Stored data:
======
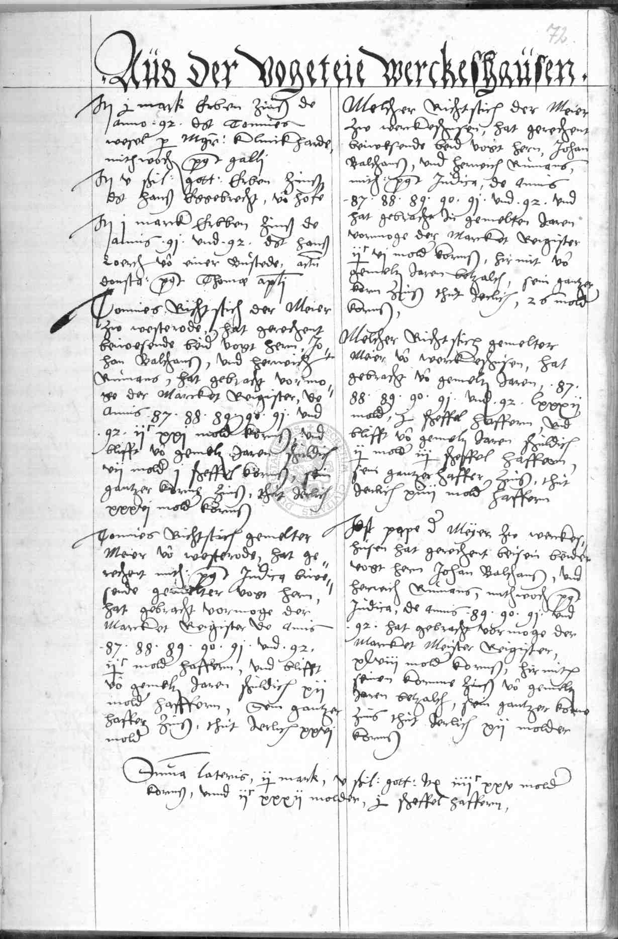 | Rubrum: | aus der vogeteie Werckeshausen |
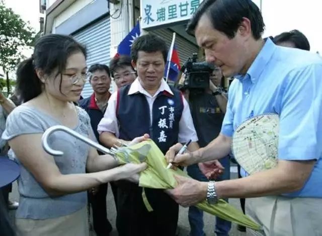 马英九在给一位女选举人签名时,对方的雨伞不辛刺到他的下身,虽然他面露痛苦,但仍然坚持为其签名,并没有骂街。
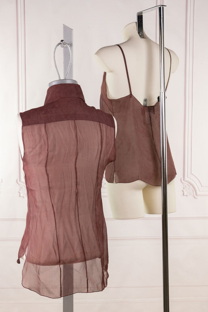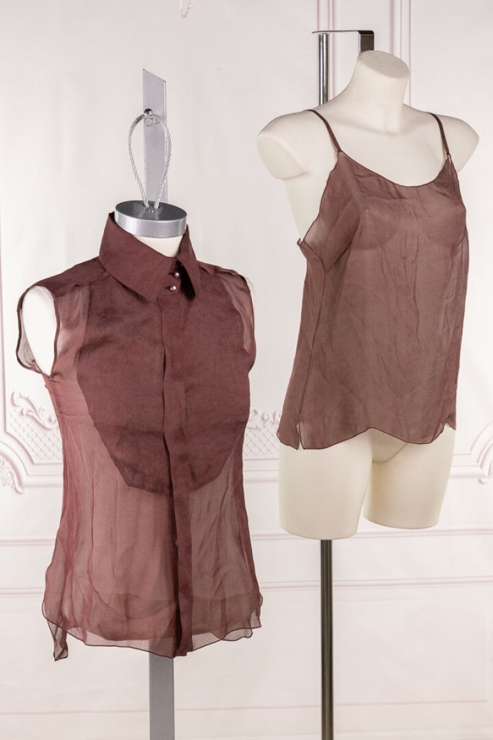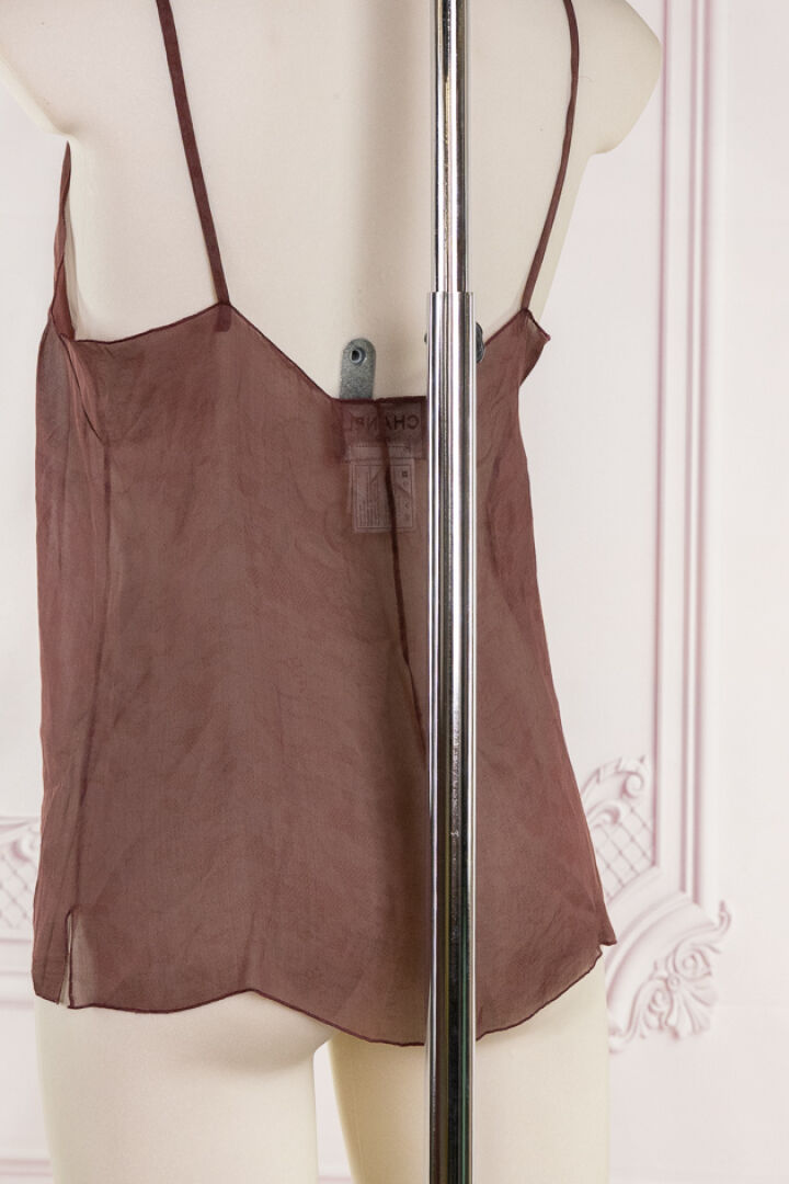 CHANEL - Collection Prêt à Porter Automne-Hiver 2002 - Ensemble chemisier sans manches à plis plats en plastron et débardeur en soie lie de vin imprimé floral en ton sur ton. Taille indiquée 36
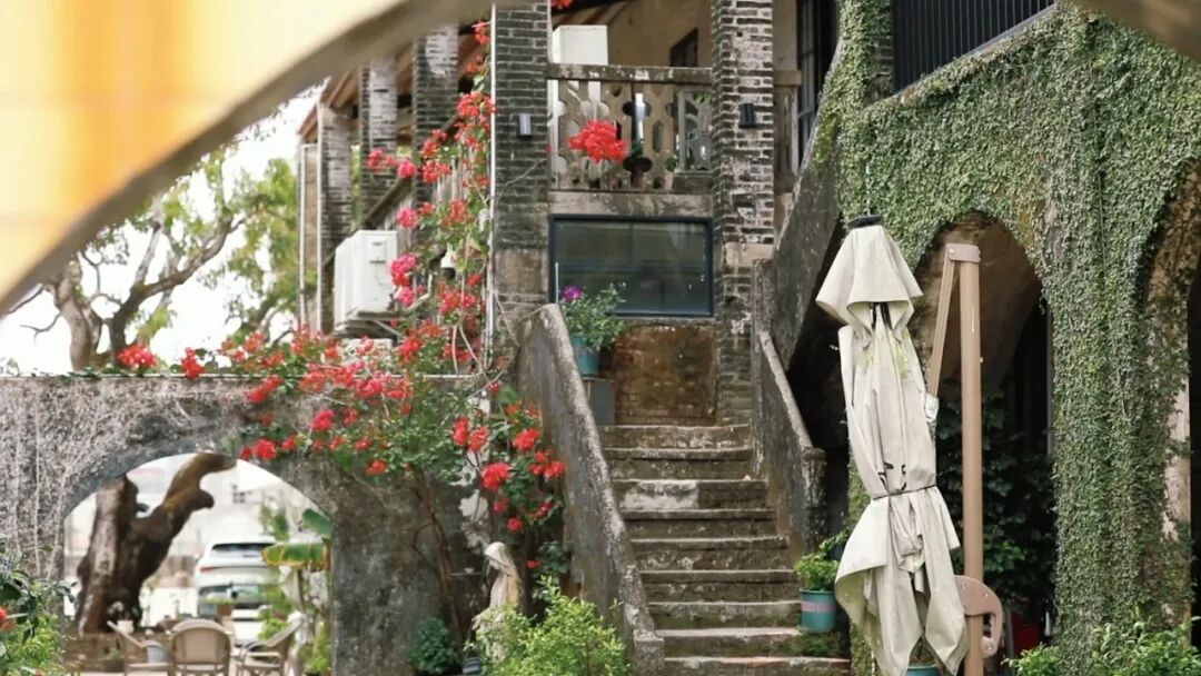 古朴的青砖墙爬满翠绿藤蔓,
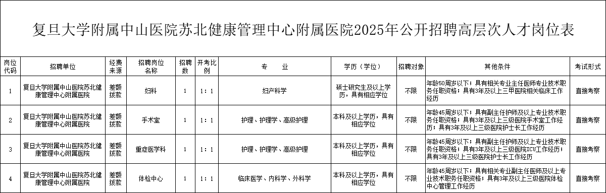 1.復旦大學附屬中山醫院蘇北健康管理中心附屬醫院2025年公開招聘高層次人才崗位表
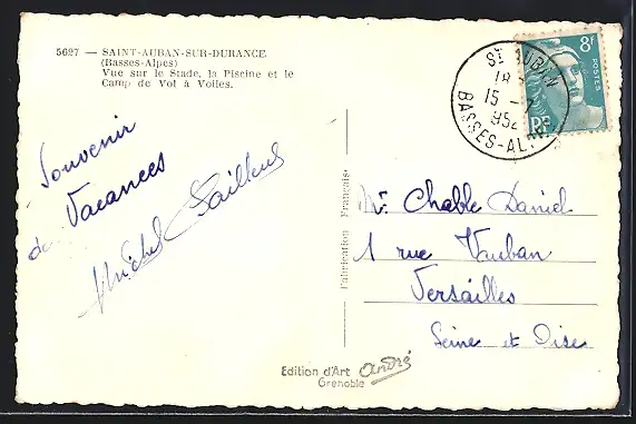 AK Saint-Auban-sur-Durance, Vue sur le Stade, la Piscine et le Camp de Vol à Voiles
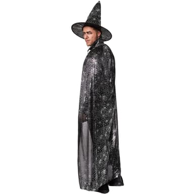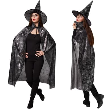 Setet består av en underbart vacker hatt och en förtjusande cape med silverfärgat spindelväv-tryck, material: 100 % polyester.
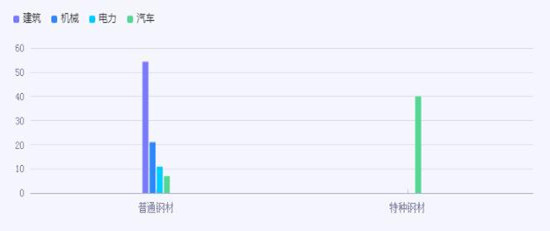 因為用途的不同,鋼材也可分為普通鋼材和特種鋼材,其中普通鋼材的下游需求主要集中在建筑、機械、電力及汽車等領域,其中建筑領域占比超過一半,高達54.3%,機械領域為21%,電力領域為10.9%,汽車領域為 7%。而特種鋼材因為其物理性和化學性都優于普通鋼材,所以特種鋼材的下游需求主要集中在汽車、工業制造、金屬制品及發電等高端制造業。其中汽車需求占比達到了40%。
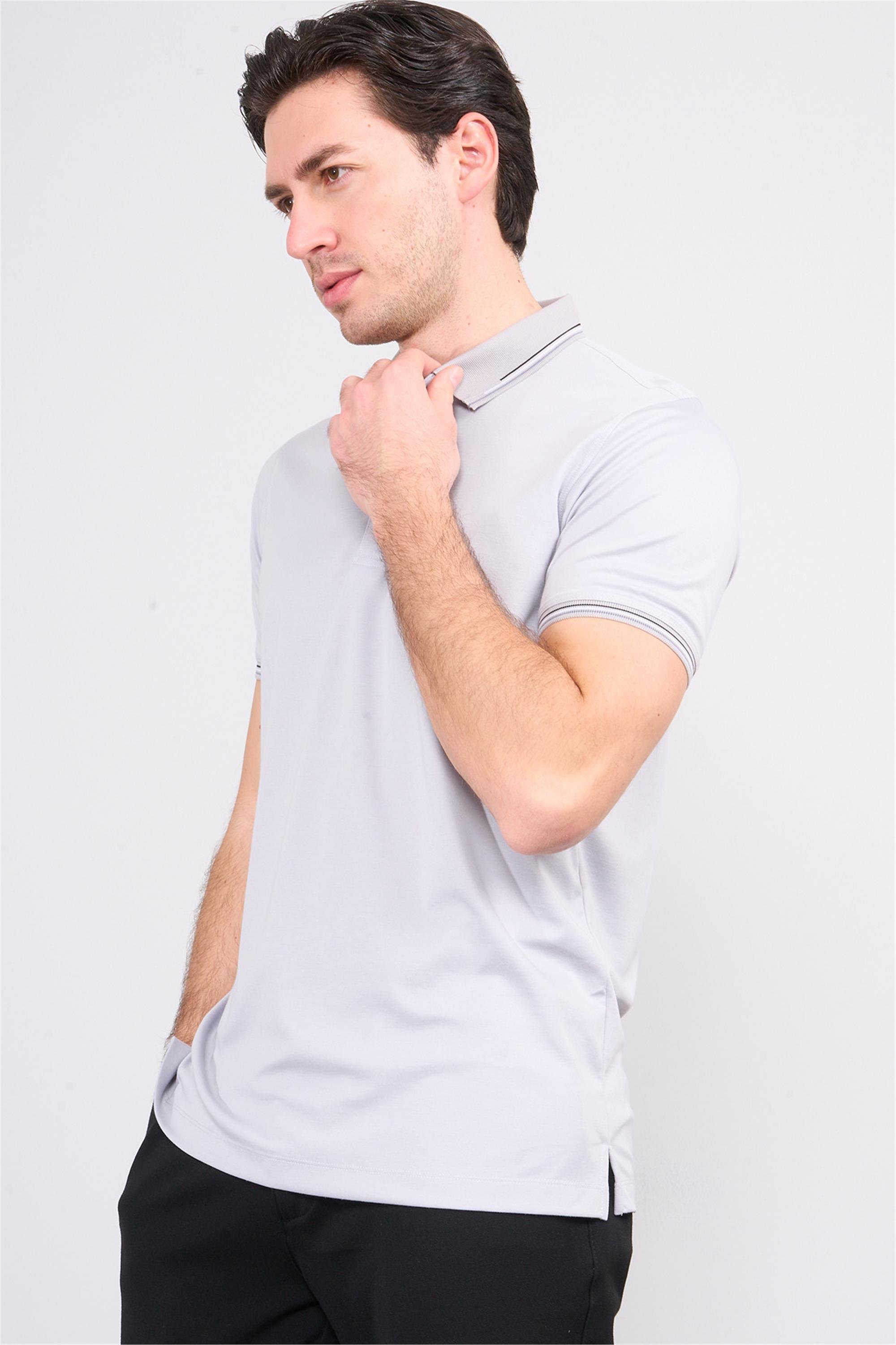 Halifaks A.Gri Erkek 12698 Düğmeli Eli Kuşaklı Polo Kısa Kol Etek Reçme T-Shirt (08.01.16.21011)
======
**THE TASK**
Above are the records; transcribe them exactly without the pictures.

**ANSWER AREA**
 | Rubrum: | aus der vogeteie Werckeshausen |
 马英九在给一位女选举人签名时,对方的雨伞不辛刺到他的下身,虽然他面露痛苦,但仍然坚持为其签名,并没有骂街。
 CHANEL - Collection Prêt à Porter Automne-Hiver 2002 - Ensemble chemisier sans manches à plis plats en plastron et débardeur en soie lie de vin imprimé floral en ton sur ton. Taille indiquée 36
 古朴的青砖墙爬满翠绿藤蔓,
 1.復旦大學附屬中山醫院蘇北健康管理中心附屬醫院2025年公開招聘高層次人才崗位表
 AK Saint-Auban-sur-Durance, Vue sur le Stade, la Piscine et le Camp de Vol à Voiles
 Setet består av en underbart vacker hatt och en förtjusande cape med silverfärgat spindelväv-tryck, material: 100 % polyester.
 因為用途的不同,鋼材也可分為普通鋼材和特種鋼材,其中普通鋼材的下游需求主要集中在建筑、機械、電力及汽車等領域,其中建筑領域占比超過一半,高達54.3%,機械領域為21%,電力領域為10.9%,汽車領域為 7%。而特種鋼材因為其物理性和化學性都優于普通鋼材,所以特種鋼材的下游需求主要集中在汽車、工業制造、金屬制品及發電等高端制造業。其中汽車需求占比達到了40%。
 Halifaks A.Gri Erkek 12698 Düğmeli Eli Kuşaklı Polo Kısa Kol Etek Reçme T-Shirt (08.01.16.21011)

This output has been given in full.